Faced with the refusal of his entourage, including the Secret Service citing security reasons, Donald Trump would have become physically violent, “leaning forward of the vehicle to grab the steering wheel”. Robert Engel, the head of the Secret Service unit responsible for presidential security, allegedly tried to grab his arm to stop him and reason with him. “Mr. Trump used his free hand to lunge at Bobby Engel,” continued Cassidy Hutchinson, who takes this account from White House deputy chief of operations Tony Ornato, who was in the car and told him shortly after, visibly shocked by the scene. An anger of Donald Trump which she had already witnessed herself a month before, in the dining room of the White House: “There was ketchup on the wall and broken porcelain on the floor”, a-t she called back. The origin of the presidential wrath, which ended with “his lunch thrown against the wall”: the interview with Bill Barr, his Minister of Justice, who had assured the Associated Press agency that neither the FBI nor the prosecutors he oversaw had found any massive voter fraud that could have affected the outcome of the presidential election. The man was fired two weeks later.

Bobby Engel of the Secret Service and Donald Trump in September 2020.

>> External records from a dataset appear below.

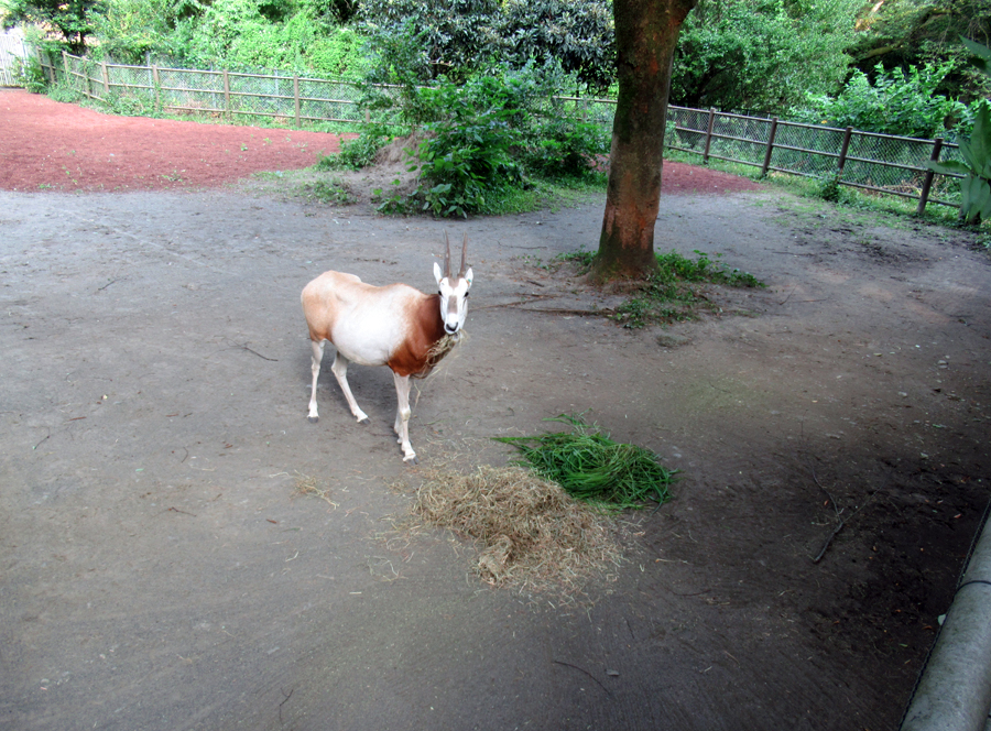 オリックスは日中、小さな放飼場で過ごしていますが、運動不足を解消し、蹄が伸びるのを予防するため、夏の夜は広い場所で過ごせるようにしました。広い放飼場に日中はシマウマ、夜間はオリックスと交替させています。ふだんと違う広い放飼場にいったん出ると、小さな放飼場には戻ってこないのではないかと心配しましたが、翌朝になるとオリックスたちは落ち着いたようすでいつもの放飼場にちゃんと戻ってきました。この夜間放飼はしばらく続ける予定です。
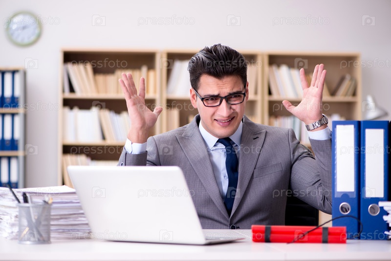 Бизнесмен с динамитом в офисе
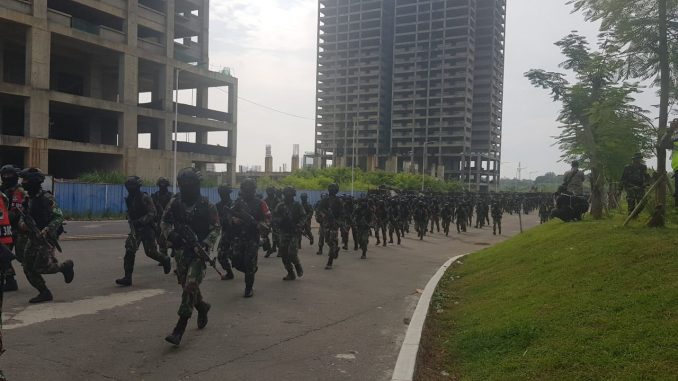 CIKARANG TIMUR – Setelah sebelumnya Meikarta jadi ajang latihan tempur detasemen khusus Brimob dan simulasi penanganan bencana oleh BNPB/BPDB, kali ini kembali menjadi arena latihan pertempuran kota dengan melibatkan 922 prajurit dari jajaran Kodam Jaya.
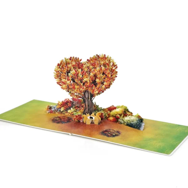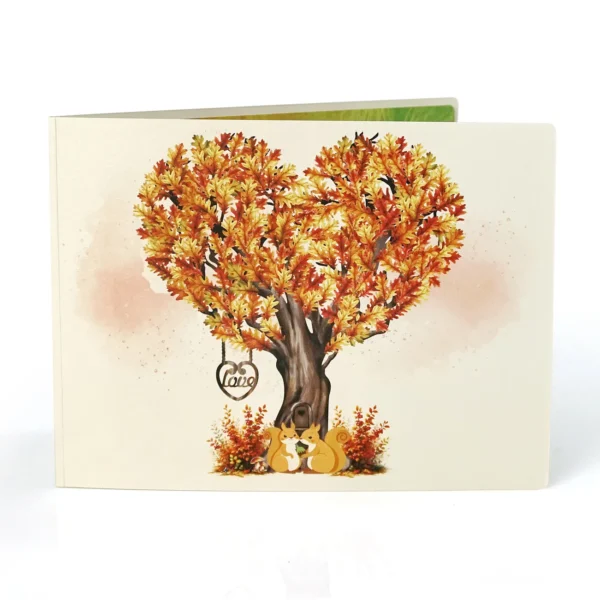 Autumn Love 3D Tree Heart Anniversary Popup Card For Valentine’s Day simulates a heart-shaped autumn tree with vibrant yellow, orange, and red leaves. The tree’s trunk and branches are detailed, supporting the colorful foliage that symbolizes the warmth and beauty of fall. At the base of the tree, two squirrels are depicted holding an acorn together, adding a playful and adorable touch. A small heart-shaped ornament with the word “Love” hangs delicately from the branches, emphasizing themes of affection and togetherness. The card is set against a background resembling a natural autumn landscape, enhancing the overall seasonal charm.
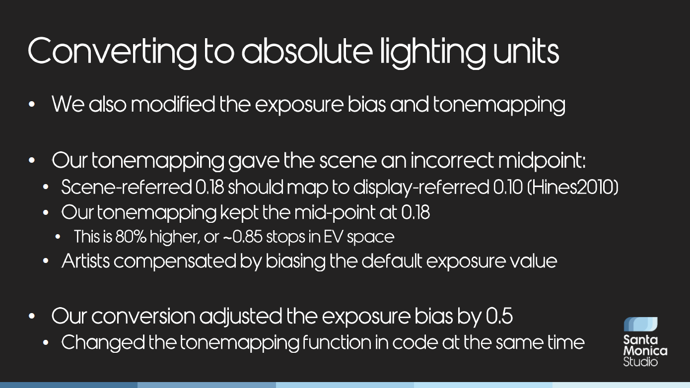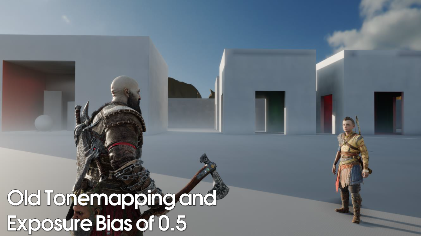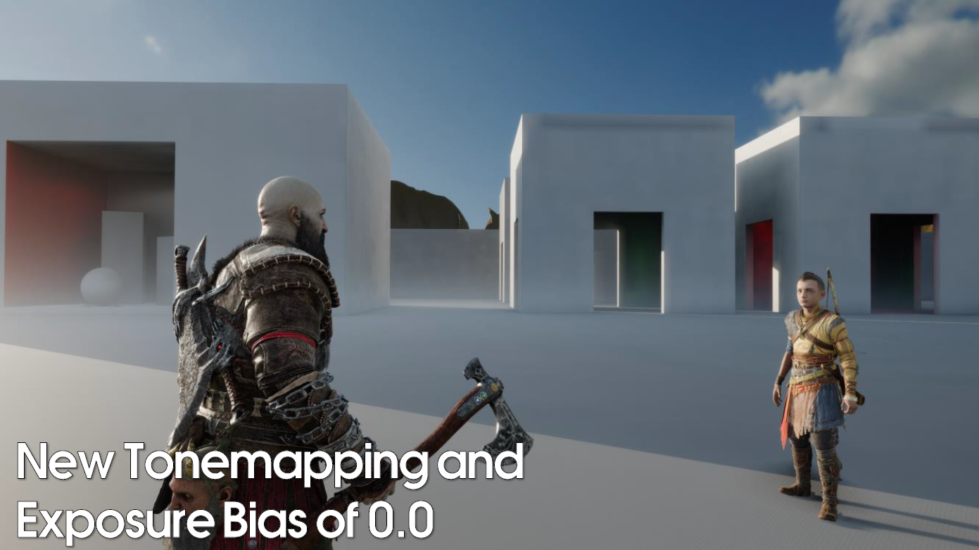 이제 새로운 톤 매핑으로 전환하면 이제 중간 점을 올바르게 처리하면 노출 편향이 더 이상 필요하지 않습니다. 이전 장면보다 약간 어둡지만 실제로는 아티스트가 의도했던 것과 매우 비슷합니다.

Bobby Engel of the Secret Service and Donald Trump in September 2020.

© Tom Brenner / Reuters

The manifest violence of the rioters did not seem to alert Donald Trump, whose slowness to react to the invasion of the Capitol was strongly criticized. According to Cassidy Hutchinson, she had launched the alert, in particular with threats to Mike Pence, evacuated in emergency and who found himself ten meters from certain rioters for a few seconds. “You heard it Pat, would have answered Mark Meadows, taking to witness the legal adviser of the White House Pat Cipollone. He thinks Mike deserves it. He thinks they’re doing nothing wrong.”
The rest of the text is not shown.